Blend It: 3 Deliciously Healthy Smoothies For Busy Days
You love food but don’t always have the time to cook up something healthy and nutritious? Don’t worry - neither do we. Luckily, there are simple ways feed your body what it needs in the middle of a hectic day without having to browse through recipes or even wait for the oven to heat up.
Here are a few mouth-watering and colourful blender recipes to get you going, no cooking required and a barely any chopping.
The Breakfast Smoothie: Banana and Oats
We wake up in different ways, and while some of us can’t wait to get out the door and barely have time to sit down for breakfast, others stare into their black cup with sleepy eyes for half an hour. No matter which type you are, this smoothie is easy enough to whip up with your eyes closed and practical enough for you to have on the go.
All you need is a handful of oats, a glass of your favourite orange juice, a ripe banana, and a few strawberries or other berries for a vitamin boost.
Oats is important because it’s one of the most nutritious foods on the planet; with loads of dietary fiber, magnesium, and iron, it’s kind of the perfect breakfast food. The only problem with oats is that it’s thick and gooey - often a bit too much for sleepy heads to swallow down with a smile. The orange juice gives it a fruity flavor as well as a drinkable texture, while the banana keeps it creamy and adds a bit more vitamins. No more skipping breakfast, in other words.
The Pre-Yoga Smoothie: Cucumber and Spinach
Alright, so we’ve been told not to overeat before practising yoga - sometimes, not even at all. It feels a bit unfair, especially when you forgot to eat an hour or two before the practice and are facing your mat with a growling stomach. When you really need something in your system, think green and as light as possible.
Get your blender ready and fill it with two handfuls of spinach, five slices or cucumber, half an avocado, one banana, and the juice of half a lemon for a bit of extra zest.
The Post-Weight Lifting Smoothie: Peanut butter and Banana
After a tough workout, you’re tired and unwilling to do much at all - yet, you need to eat.
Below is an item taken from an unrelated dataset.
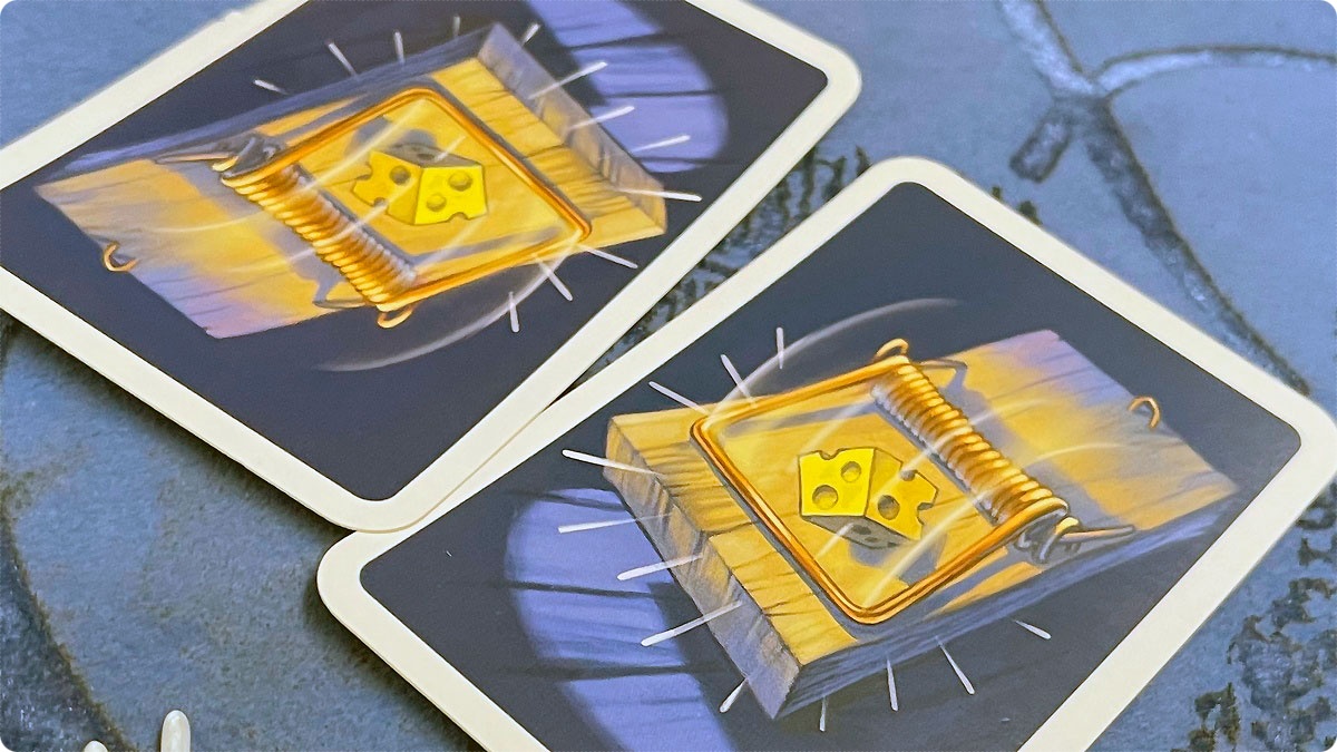 Фишка в том, что когда ты берёшь карту, нужно её перевернуть и посмотреть, что там на обороте. Там может быть настоящий сыр, и тогда всё хорошо, либо мышеловка. Мышеловка – это не очень хорошо. Если набрать их три, ты вылетаешь из игры, и партия на этом заканчивается.

A piece of bread with peanut butter and a banana will help a bit on the way, but it’s oh-so-boring. This smoothie is super simple, and you’ll get to use that banana in any way.
You need one cup natural yogurt, two tablespoons peanut butter, one banana and a little dash of milk - around the same amount you’d add in your coffee if you’re into that.
It’s going to fill you up and make you feel pleasantly healthy and relaxed, which is just what you’re looking for after a long workout. Add ice to any of these smoothies if you have it, by the way, and remember that the more you add, the thinner its consistency will be.